DATA PROVIDED:
○ ○ ○

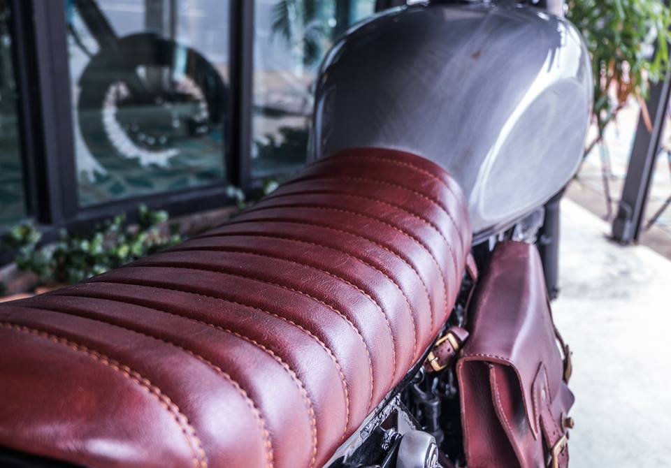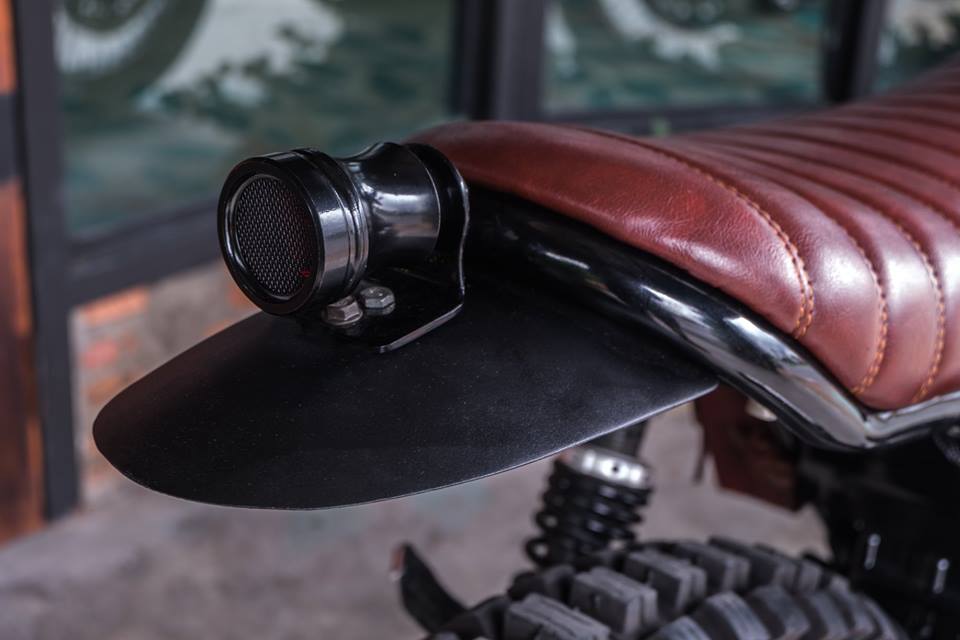 Phía sau, bản độ được trang bị yên xe dài dạng bánh mỳ được thuộc da thủ công làm tăng độ bám, độ êm ái của yên xe cùng bộ màu da bò đậm chất cổ điển, cùng tông với túi da treo hông bụi bặm.
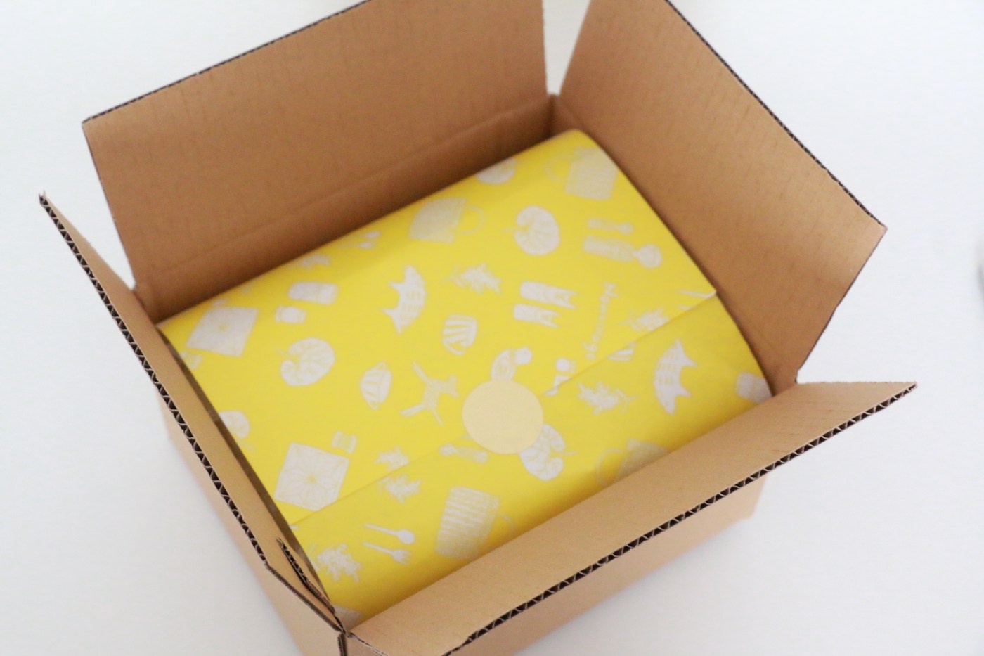 早速、オンラインショップでご購入いただいた方に、簡易包装させていただきました。ぐるっと包んで、シールをペタンと。
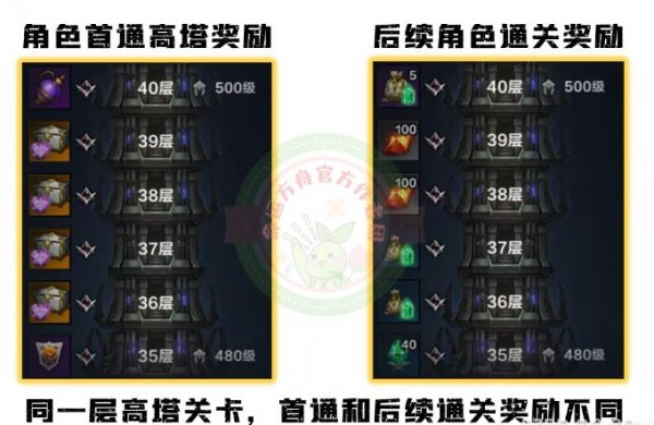 1、每通关一层,则给通关该层的角色发放一次奖励,但账号下首通(第一次通关该层)每层的角色领取的奖励和后续角色二次通关的奖励是不一致的。账号下的第一个角色通过时,会给予一些比较特殊的材料,比如巨人之心,伟大艺术品,人物技能点数,技能符文等。

○ ○ ○

EXERCISE GOAL: Output the listing exactly. Leave out any image.

RESULT OF THE TASK:
 Phía sau, bản độ được trang bị yên xe dài dạng bánh mỳ được thuộc da thủ công làm tăng độ bám, độ êm ái của yên xe cùng bộ màu da bò đậm chất cổ điển, cùng tông với túi da treo hông bụi bặm.
 早速、オンラインショップでご購入いただいた方に、簡易包装させていただきました。ぐるっと包んで、シールをペタンと。
 1、每通关一层,则给通关该层的角色发放一次奖励,但账号下首通(第一次通关该层)每层的角色领取的奖励和后续角色二次通关的奖励是不一致的。账号下的第一个角色通过时,会给予一些比较特殊的材料,比如巨人之心,伟大艺术品,人物技能点数,技能符文等。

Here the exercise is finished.